NASA’s Psyche mission is scheduled to launch in 2022 and reach the asteroid in 2026. Signs of past volcanism that researchers could look for include variations in the color or composition of material on the surface, and possibly features that look like volcanic vents. Large volcanic cones are probably unlikely, Abrahams said.
Unfortunately, because metallic asteroids would have solidified fairly quickly after their formation, there has been plenty of time (billions of years) for any surface features of volcanism to be degraded. “It’s not clear what they might look like now,” Abrahams said.
The best opportunity to find evidence of ferrovolcanism on metallic asteroids might actually come from studying iron meteorites already in collections on Earth, the researchers said.
“There are lots of these metallic meteorites, and now that we know what we’re looking for, we might find evidence of volcanism in them,” Nimmo said. “If material got erupted onto the surface, it would cool very fast, which would be reflected in the composition of the meteorite. And it might have holes in it left by escaping gas.”

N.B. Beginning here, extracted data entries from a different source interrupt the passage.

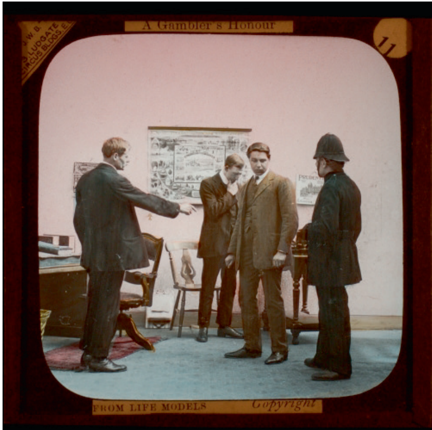
Fig. 14. Slide 11 of A Gambler's Honour (Bamforth & Co., 24 slides, 1910). Accessed 6 November 2019
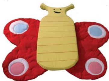
Prototype for « Petit voyageur », season 2.

The whole operation testifies to the enrichment of the children but also to that of the adults who accompany them in observing the framework of their lives, in becoming aware of their universe. Their models emphasise the way in which they see the environment that adults design for them. The manner in which they use materials, shapes and colours expresses their wishes, certainly, but also their discernment. Their rejection of the superfluous and their need for functionality reflect their critical minds and their level of demand. Free from all constraints, including economic ones, the children's "creations" do not remain any less lacking in naivety. They were able to appropriate and take into account the various creative parameters for functional, aesthetic productions that match their needs and their dreams. Dreams that they have had the talent to name with a great deal of humour!
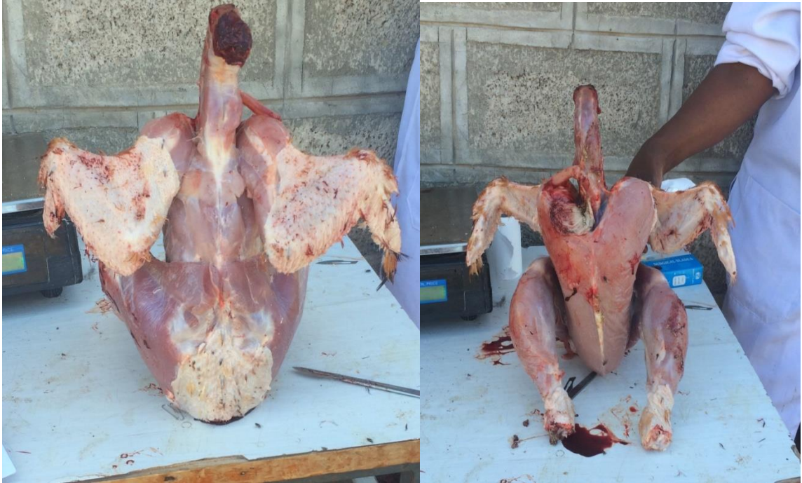
Appendix Figure 4 : Dressed Carcass Weight

When they presented their findings at a recent Lunar and Planetary Science Conference, Abrahams and Nimmo discovered that another research team had independently arrived at similar conclusions about the possibility of ferrovolcanism.
“It’s not a shocking idea, but we’d just never thought about iron volcanism before, so it’s something new and interesting to investigate,” Abrahams said.
This research was supported in part by NASA.